Problem to solve: When the data below is printed, every line must match exactly and the images must be absent.

Given information:
-- -- --

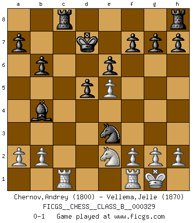 Last move : 0-1 2020 November 11 7:42:17 [Event "FICGS__CHESS__CLASS_B__000329"] [Site "FICGS"] [Date "2020.08.13"] [Round "1"] [White "Chernov,Andrey"] [Black "Vellema,Jelle"] [Result "0-1"] [WhiteElo "1800"] [BlackElo "1870"] 1.e4 e6 2.d4 d5 3.e5 c5 4.c3 Nc6 5.Nf3 Qb6 6.Be2 Nge7 7.O-O cxd4 8.cxd4 Nf5 9.Nc3 Ncxd4 10.Nxd4 Qxd4 11.Bb5+ Bd7 12.Bxd7+ Kxd7 13.Qb3 Qb4 14.Qxb4 Bxb4 15.Ne2 Rac8 16.Be3 b6 17.Rac1 Nxe3 0-1 This chess game has been lost on time (started : 2020.08.13 19:16:51) Follow this game move after move (download)Different people feel differently about resigning. (Bobby Fischer) Capablanka war das größte Genie der Schachgeschichte! Aber denken sie nicht er habe nichts vom Schach verstanden. Er wusste nur soviel wie er wissen musste um seine Ziele zu erreichen. (Mikhail Moiseyevich Botvinik) Yo he agregado estos principios a la ley: pongan los Caballos en acción antes de que los dos Alfiles sean desarrollados. (Emanuel Lasker) Un footballeur joue avec ses pieds, parfois avec sa tête. Un joueur d'échecs ne joue qu'avec sa tête. Et quand il ne joue plus, il meurt. (Jacob Murray) Over-the-board chess is the favorite of mortals, correspondence chess is the favorite of the gods. (Eduard Dyckhoff)
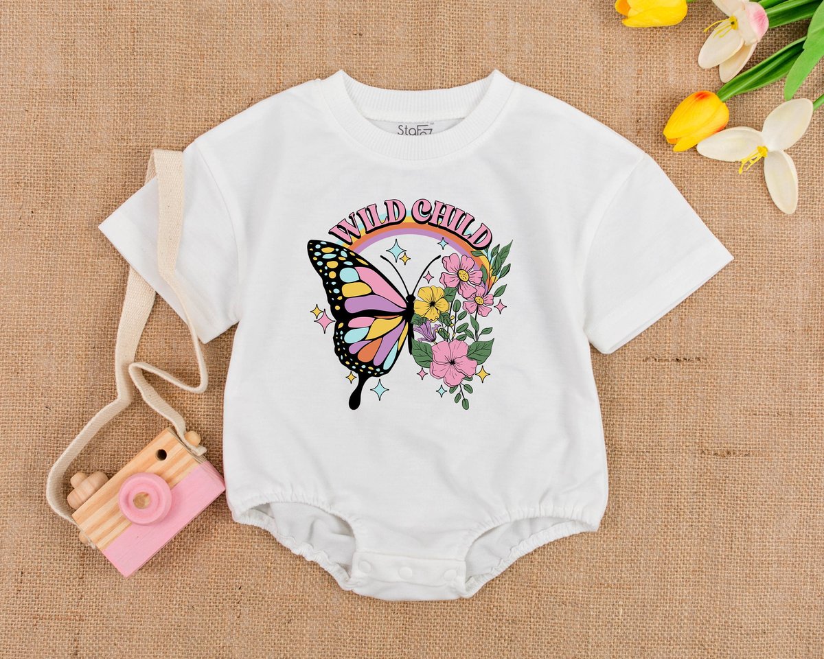Retro Butterfly Bubble Romper Hippie Baby Romper Groovy Baby Girl Outfit Vintage Baby Romper B
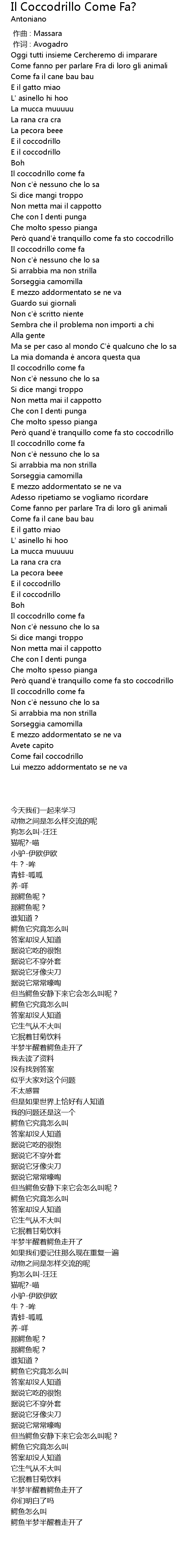 | [00:31.93] | Il coccodrillo come fa |

-- -- --

Response:
 Last move : 0-1 2020 November 11 7:42:17 [Event "FICGS__CHESS__CLASS_B__000329"] [Site "FICGS"] [Date "2020.08.13"] [Round "1"] [White "Chernov,Andrey"] [Black "Vellema,Jelle"] [Result "0-1"] [WhiteElo "1800"] [BlackElo "1870"] 1.e4 e6 2.d4 d5 3.e5 c5 4.c3 Nc6 5.Nf3 Qb6 6.Be2 Nge7 7.O-O cxd4 8.cxd4 Nf5 9.Nc3 Ncxd4 10.Nxd4 Qxd4 11.Bb5+ Bd7 12.Bxd7+ Kxd7 13.Qb3 Qb4 14.Qxb4 Bxb4 15.Ne2 Rac8 16.Be3 b6 17.Rac1 Nxe3 0-1 This chess game has been lost on time (started : 2020.08.13 19:16:51) Follow this game move after move (download)Different people feel differently about resigning. (Bobby Fischer) Capablanka war das größte Genie der Schachgeschichte! Aber denken sie nicht er habe nichts vom Schach verstanden. Er wusste nur soviel wie er wissen musste um seine Ziele zu erreichen. (Mikhail Moiseyevich Botvinik) Yo he agregado estos principios a la ley: pongan los Caballos en acción antes de que los dos Alfiles sean desarrollados. (Emanuel Lasker) Un footballeur joue avec ses pieds, parfois avec sa tête. Un joueur d'échecs ne joue qu'avec sa tête. Et quand il ne joue plus, il meurt. (Jacob Murray) Over-the-board chess is the favorite of mortals, correspondence chess is the favorite of the gods. (Eduard Dyckhoff)
Retro Butterfly Bubble Romper Hippie Baby Romper Groovy Baby Girl Outfit Vintage Baby Romper B
 | [00:31.93] | Il coccodrillo come fa |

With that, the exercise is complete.